## WHAT IS REQUIRED
Return exactly the lines from the start of the records below through the line containing "Leton Studio, студия", both ends included, and leave out the pictures.

-----

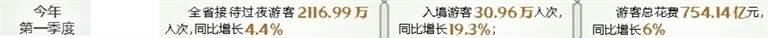 近日,省旅游和文化广电体育厅官网数据显示,今年第一季度,全省接待国内外游客3386.45万人次,同比增长5.6%,其中接待过夜游客2116.99万人次,同比增长4.4%;入境游客30.96万人次,同比增长19.3%;游客总花费754.14亿元,同比增长6%。
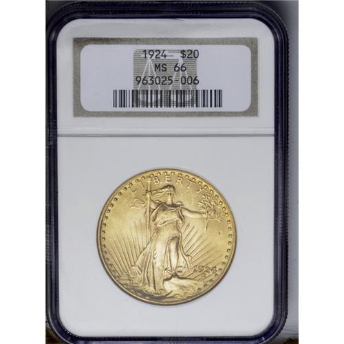 1924 $20 MS66 NGC. The 1924, with a mintage of over 4 1924
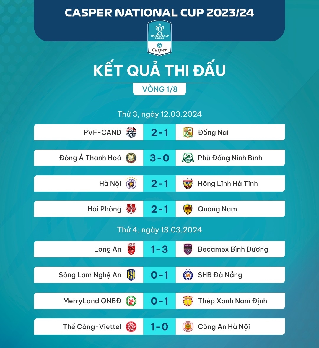 | Kết quả thi đấu vòng 1/8 Cúp Quốc gia 2023/2024. |
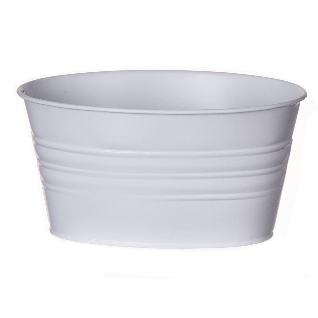 Oval zinc pot MICOLATO with grooves, white, 7"x5.3"x4"/19x13,5x10cm
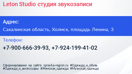 Leton Studio, студия звукозаписи по адресу Сахалинская область, Холмск, площадь Ленина, 3 в дальнейшем Организация, размещена в следующих категориях:
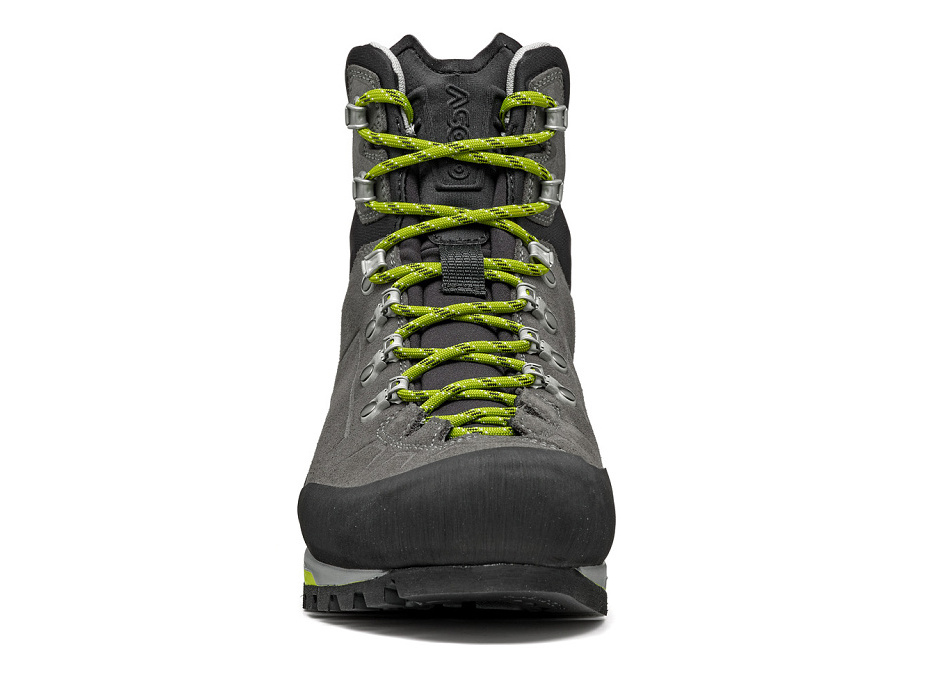 Sníh, led a skála. Nevyzpytatelný terén, ve kterém při každém kroku zvedáš navíc ještě tíhu batohu. Tam nahoře musí být každý krok přesný a promyšlený. A tak ti tyto pevné pohorky od Asola pomohou najít tu správnou oporu. Jejich kostra je vyztužená nylonem a skelnými vlákny, takže mačky na pohorkách dobře sedí a pevně se zakousnou do ledu, který ti zkříží cestu. Přestože je podešev pro větší jistotu v nestabilním terénu jen málo ohebná, lezecká špička ti pomůže ustát i menší skalní stupy. A protože v horách se potkáš s ledasčím, mají pohorky svršek z odolné Perwanger kůže, kterou po obvodu chrání gumová obsázka.
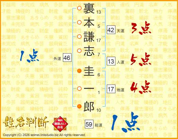 裏本謙志圭一郎さんの人運は13画の5点!
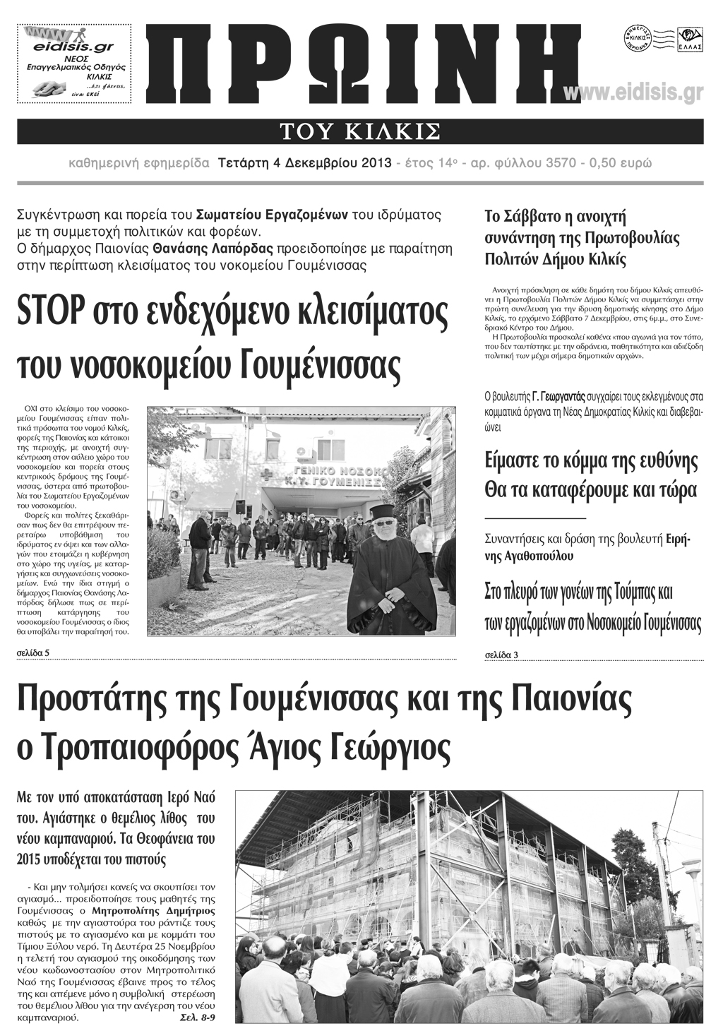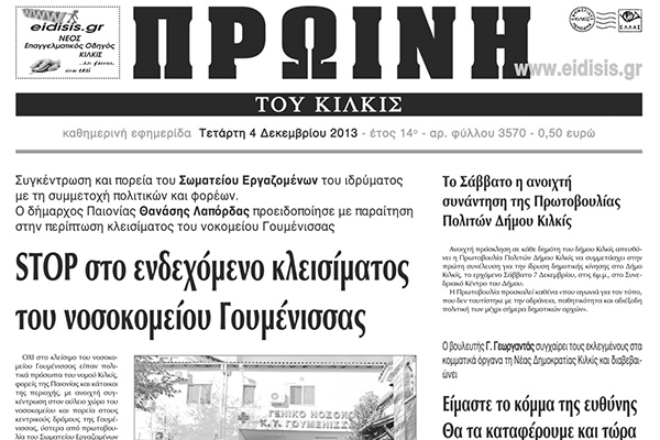 Πέντε χρόνια πριν. Διαβάστε τι έγραφε η καθημερινή εφημερίδα ΠΡΩΙΝΗ του Κιλκίς

-----

## THE ANSWER
 近日,省旅游和文化广电体育厅官网数据显示,今年第一季度,全省接待国内外游客3386.45万人次,同比增长5.6%,其中接待过夜游客2116.99万人次,同比增长4.4%;入境游客30.96万人次,同比增长19.3%;游客总花费754.14亿元,同比增长6%。
 1924 $20 MS66 NGC. The 1924, with a mintage of over 4 1924
 | Kết quả thi đấu vòng 1/8 Cúp Quốc gia 2023/2024. |
 Oval zinc pot MICOLATO with grooves, white, 7"x5.3"x4"/19x13,5x10cm
 Leton Studio, студия звукозаписи по адресу Сахалинская область, Холмск, площадь Ленина, 3 в дальнейшем Организация, размещена в следующих категориях:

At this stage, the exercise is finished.